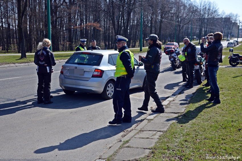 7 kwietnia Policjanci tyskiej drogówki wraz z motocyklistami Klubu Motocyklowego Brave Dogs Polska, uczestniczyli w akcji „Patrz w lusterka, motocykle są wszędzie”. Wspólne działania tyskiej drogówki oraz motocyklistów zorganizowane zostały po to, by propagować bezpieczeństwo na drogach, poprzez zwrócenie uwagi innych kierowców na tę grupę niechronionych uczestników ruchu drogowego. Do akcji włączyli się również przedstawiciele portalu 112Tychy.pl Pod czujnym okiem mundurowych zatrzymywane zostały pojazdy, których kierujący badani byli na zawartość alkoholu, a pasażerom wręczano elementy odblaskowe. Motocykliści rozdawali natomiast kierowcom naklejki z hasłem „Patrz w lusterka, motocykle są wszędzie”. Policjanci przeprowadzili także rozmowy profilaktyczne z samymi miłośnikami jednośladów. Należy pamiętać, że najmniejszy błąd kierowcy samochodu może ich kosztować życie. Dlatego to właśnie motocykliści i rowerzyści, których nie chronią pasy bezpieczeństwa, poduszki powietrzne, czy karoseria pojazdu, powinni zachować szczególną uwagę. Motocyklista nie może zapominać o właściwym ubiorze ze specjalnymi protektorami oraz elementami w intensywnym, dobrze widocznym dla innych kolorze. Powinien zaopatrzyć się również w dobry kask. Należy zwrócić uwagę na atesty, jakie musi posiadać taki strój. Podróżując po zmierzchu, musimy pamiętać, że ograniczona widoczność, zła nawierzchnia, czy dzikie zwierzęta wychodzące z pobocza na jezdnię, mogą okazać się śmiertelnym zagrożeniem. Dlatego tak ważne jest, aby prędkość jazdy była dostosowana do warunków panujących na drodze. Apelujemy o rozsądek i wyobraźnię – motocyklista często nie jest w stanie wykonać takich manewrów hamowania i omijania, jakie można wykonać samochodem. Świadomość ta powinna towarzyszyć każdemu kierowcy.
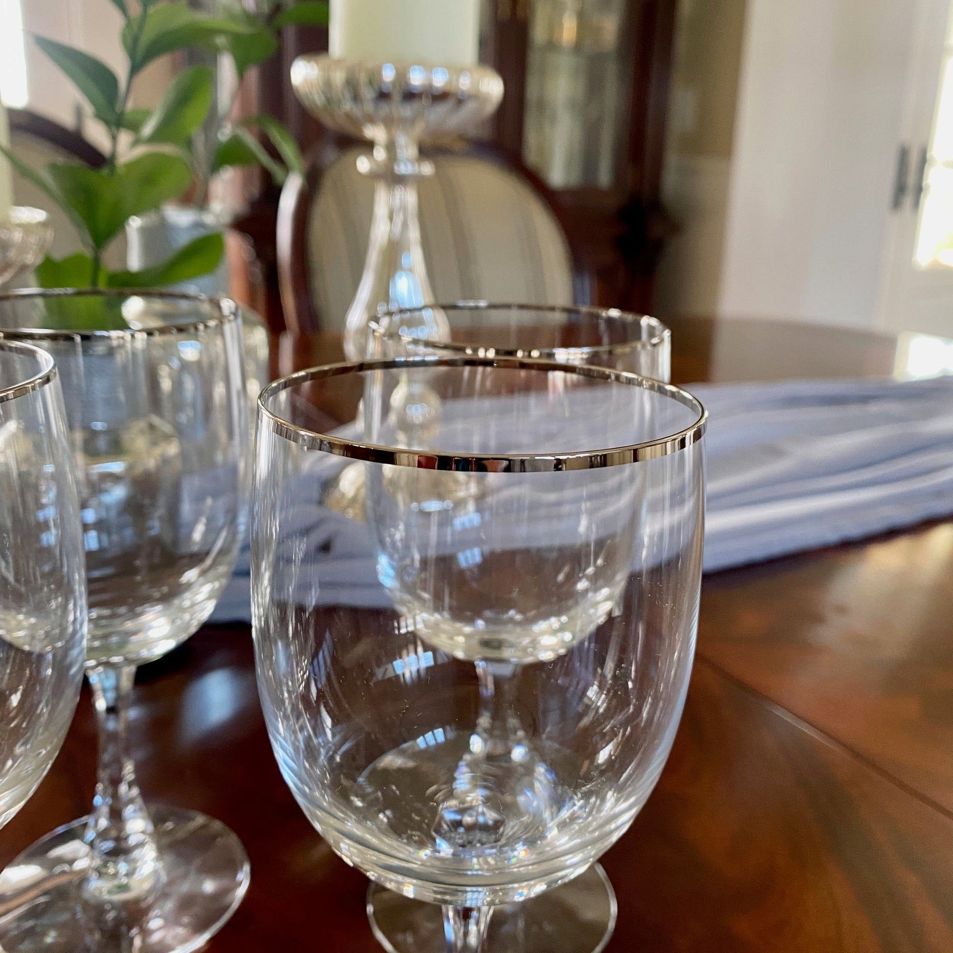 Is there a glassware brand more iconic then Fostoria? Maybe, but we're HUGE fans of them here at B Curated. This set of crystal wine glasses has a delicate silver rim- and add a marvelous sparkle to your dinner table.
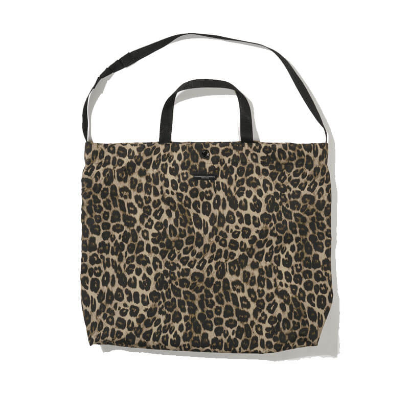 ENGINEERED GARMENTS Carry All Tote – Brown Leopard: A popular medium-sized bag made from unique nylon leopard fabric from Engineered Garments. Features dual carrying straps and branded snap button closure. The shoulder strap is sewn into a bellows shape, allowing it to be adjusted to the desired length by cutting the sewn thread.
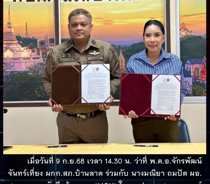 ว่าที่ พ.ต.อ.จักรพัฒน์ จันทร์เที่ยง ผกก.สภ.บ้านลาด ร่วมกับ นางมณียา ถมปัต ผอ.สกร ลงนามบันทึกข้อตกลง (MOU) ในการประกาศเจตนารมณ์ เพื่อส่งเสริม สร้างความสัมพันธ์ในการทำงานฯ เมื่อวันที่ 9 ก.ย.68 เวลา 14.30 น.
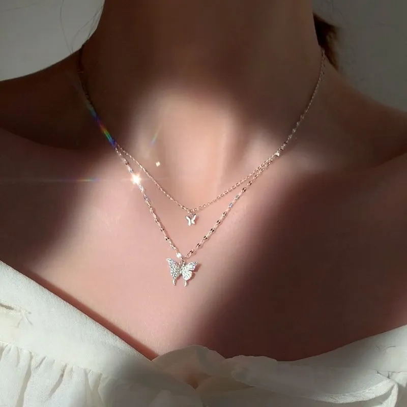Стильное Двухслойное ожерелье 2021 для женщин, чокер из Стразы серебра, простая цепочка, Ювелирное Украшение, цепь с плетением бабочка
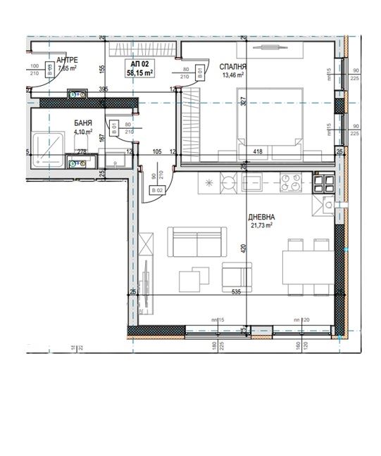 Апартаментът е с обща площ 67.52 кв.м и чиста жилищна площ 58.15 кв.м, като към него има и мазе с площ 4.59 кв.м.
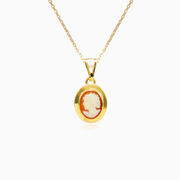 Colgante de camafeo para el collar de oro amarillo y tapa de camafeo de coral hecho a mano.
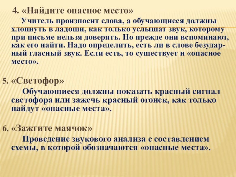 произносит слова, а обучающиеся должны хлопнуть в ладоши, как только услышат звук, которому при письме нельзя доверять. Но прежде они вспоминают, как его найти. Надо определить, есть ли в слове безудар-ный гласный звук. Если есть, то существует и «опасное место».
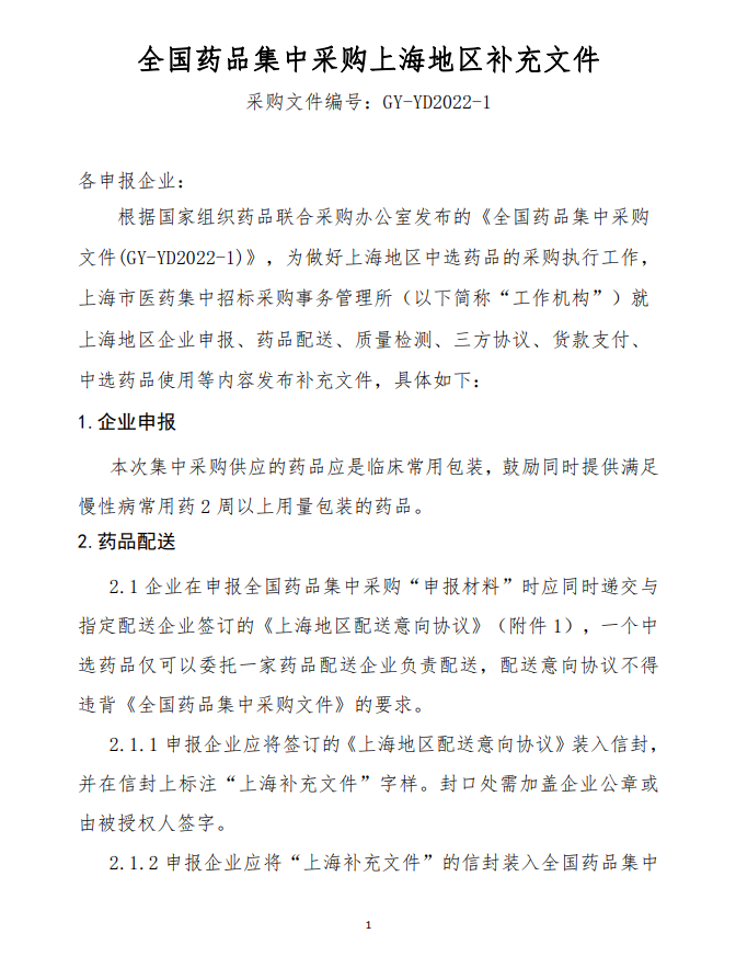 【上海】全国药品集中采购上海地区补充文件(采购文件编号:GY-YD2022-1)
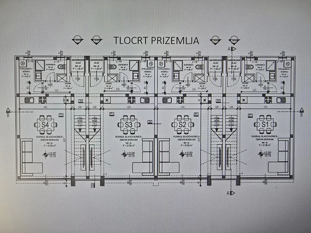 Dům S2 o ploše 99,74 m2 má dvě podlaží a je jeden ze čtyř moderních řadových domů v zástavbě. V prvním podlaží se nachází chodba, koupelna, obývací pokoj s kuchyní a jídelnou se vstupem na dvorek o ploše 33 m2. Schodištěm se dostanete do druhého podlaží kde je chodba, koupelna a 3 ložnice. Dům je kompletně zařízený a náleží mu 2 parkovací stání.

Aim of the task
Return the lines above from the one with "Стильное Двухслойное ожерелье" through the one with "Colgante de camafeo", verbatim and nothing else. Omit every picture.

Response area
Стильное Двухслойное ожерелье 2021 для женщин, чокер из Стразы серебра, простая цепочка, Ювелирное Украшение, цепь с плетением бабочка
 Апартаментът е с обща площ 67.52 кв.м и чиста жилищна площ 58.15 кв.м, като към него има и мазе с площ 4.59 кв.м.
 Colgante de camafeo para el collar de oro amarillo y tapa de camafeo de coral hecho a mano.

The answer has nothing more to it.